Just because it CAN use DMA doesn't mean it would be required to. The hardware in a particular implementation would be in the best decision to know the cost/benefit tradeoffs. It is more likely to make sense for operations sized in one or more pages than your run of the mill strcpy() or bzero() in application C code.
> Doug S (foo.delete@this.bar.bar) on October 2, 2021 9:47 am wrote:
> > Adrian (a.delete@this.acm.org) on October 2, 2021 3:45 am wrote:
> > > rpg (a.delete@this.b.com) on October 2, 2021 2:51 am wrote:
> > > > Why handle memcpy with microcoded instructions/cracked uOPs?
> > > >
> > > > Wouldn't a simple DMA unit be able to handle this?
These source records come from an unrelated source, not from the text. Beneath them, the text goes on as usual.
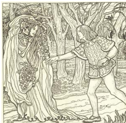
Körösfői-Kriesch Aladár grafikája: Ember a halál nyomában (1905)
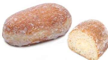
13323 ✨ Mini Pepito Crema Azucarado 55g
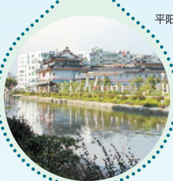
瑞安市仙降西河河道生态建设工程
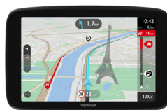
TomTom GO Navigator
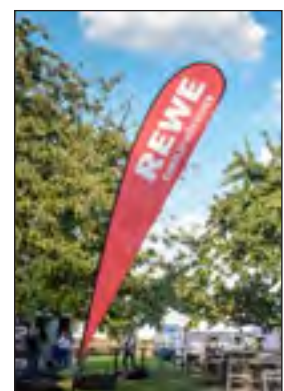
Aufstellung mehrerer Werbemaßnahmen am Abend
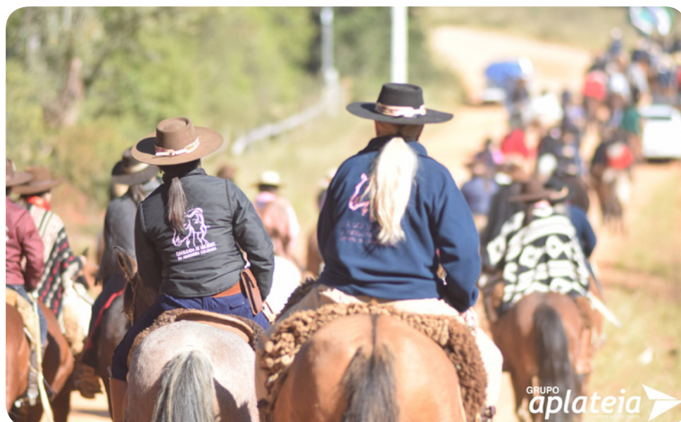
Cavaleiros e voluntários reunidos para a Cavalgada do Bem, que percorre diferentes regiões de Sant'Ana do Livramento arrecadando doações para famílias em situação de vulnerabilidade.

A concentração dos cavaleiranos e demais voluntários será às 13h30, na Caixa d'Água do Wilson, ponto de partida já tradicional do movimento. Após a formação do grupo, os participantes serão divididos em dois pelotões: um seguirá em direção ao CTGRincão da Carolina, enquanto o outro se deslocará até o Parque da Rural,
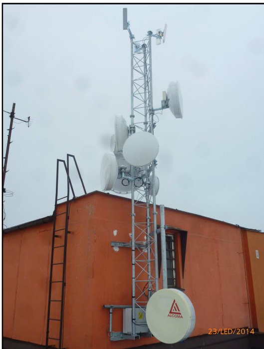
Podoba vysílače po dvou letech provozu
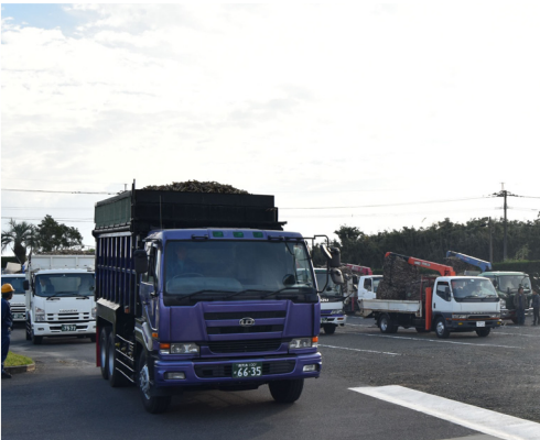
▲サトウキビを積み込んだトラックが次々と工場内に入っていました。
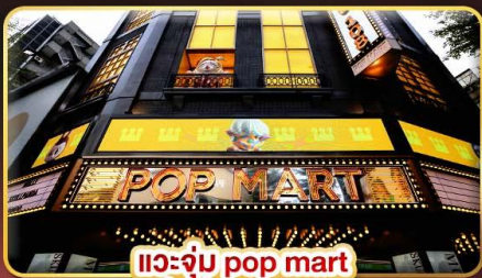
แวะจุ่ม pop mart ที่ฮิตที่สุดในซีเหมินติง
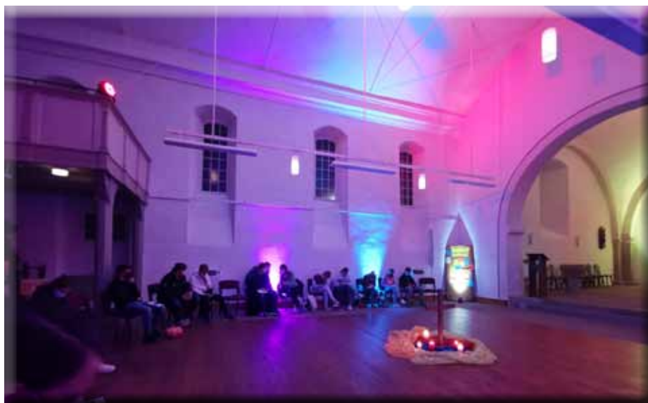
Churchnight in der Stadtkirche

In den Zeugnisferien findet vom 28. Januar – 1. Februar 2022 in der Heimvolkshochschule Loccum der nächste Juleica-Kurs statt. Alle Jugendlichen ab 15 Jahren, die Lust haben in die Arbeit mit Kindern, KonfirmandInnen und Jugendlichen einzusteigen, sind herzlich eingeladen. Anmeldeflyer sind in den Gemeindehäusern und beim Kirchenkreisjugenddienst erhältlich. Anmeldeschluss ist der 5. Dezember.
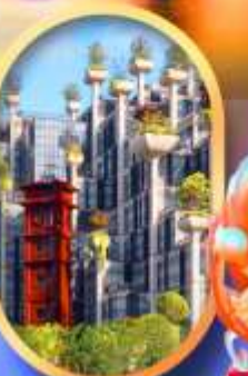
อาคาร 1,000 คัดไม้
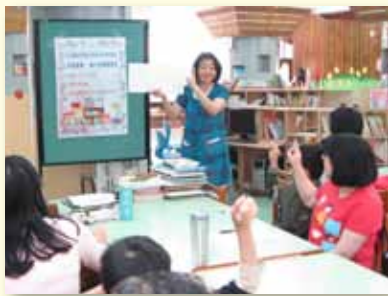
學習型家庭親子共讀

積極爭取各項經費辦理學生展能活動，提供學生學習舞臺，以安心就學溫馨輔導方案補助弱勢學生就學；設置教育儲蓄戶專戶，透過教育部專案網站募集愛心捐款，提供弱勢學生生活所需；傑出校友並提供弱勢展能專案經費，補助未符合教育部「攜手班」資格學生參與課後學業補救；爭取臺北市家庭教育中心專案經費，辦理「學習型家庭方案」包括：親子共讀、親子共學、家庭分享日、親職講座及親子旅遊等活動；辦理各項體育及藝文營隊，包含足球營、籃球營、書法營等，鼓勵弱勢學童參加；爭取「世界和平會」經費贊助，辦理弱勢學童營養早餐方案。
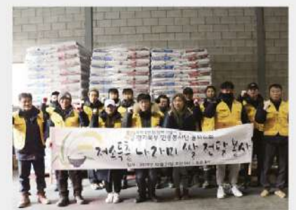
경기북부민중봉사단과 함께 어려운 이웃들에게 나라미 전달

IE, if you can setup DMA from various IO controllers
> > > > to RAM, then maybe this is all you need. (Atleast the non-overlapping case should be fine).
> > > >
> > > > AFAICS, it will simplify the CPU implementation a bit as well. So, why
> > >
> > >
> > > It would be better if the copy/set operations would be done not in the core, but by
> > > a special unit in the cache controller or in the memory controller, but the farther
> > > from the core it is, the more difficult the correct handling of page faults becomes.
> > >
> > > For better performance, the memcpy/memset should allow the execution of all other instructions
> > > to proceed without delays, but then there must be a way to check if the copy/set has
> > > finished, maybe by checking whether the count register has become null.
> > >
> > > That would also work with an asynchronous DMA unit, which would update the core registers only at
> > > the end of the operations, signalling the end, but there are various weird cases with the page faults,
> > > e.g. what happens if the page tables are modified while the copy/set is still in progress
> >
> >
> > ARM's mem* ISA may leave this possibility open to the implementation - maybe the guesses we've made
> > about how the three instructions work are wrong, and one instruction is a synchronous operation and
> > the others are a pair to start an asynchronous operation and check if it is complete? (Though the letters
> > in the opcodes don't really lend themselves to that, at least as far as I could come up with)
> >
> > I think the value of allowing a core to execute other instructions while a memory operation
> > is ongoing is reduced the more cores we have available to us. When we had only one or two cores,
> > this would have been a big deal. Now that we have a half dozen, dozen, or more, having one
> > core effectively unavailable while it is managing a large copy or zero operation is probably
> > not worth the complications that may arise from making the operation asynchronous.
> >
> > Even if the instructions work as we've surmised and are sort of a pre/main/post triplet there's nothing
> > stopping implementations from using clever tricks like DMA, cache magic, or whatever to make the
> > main part of the operation happen. If that core can't be used for other tasks until it is complete
> > (or an interrupt occurs) the actual work could in some implementations occur outside the core, in
> > a DMA unit, or in the cache; with the core more or less in a halt state during that time.
>
>
> But we really do want this to be useful for normal sized copies - on the order of a hundred
> bytes, or even less. And certainly is should be sane for rather smaller copies than that
> (if not necessarily the most efficient possible if the size is known in advance). Punting
> this to DMA units is likely to have fairly horrific startup overhead for that sized copy.
Just because it CAN use DMA doesn't mean it would be required to. The hardware in a particular implementation would be in the best decision to know the cost/benefit tradeoffs. It is more likely to make sense for operations sized in one or more pages than your run of the mill strcpy() or bzero() in application C code.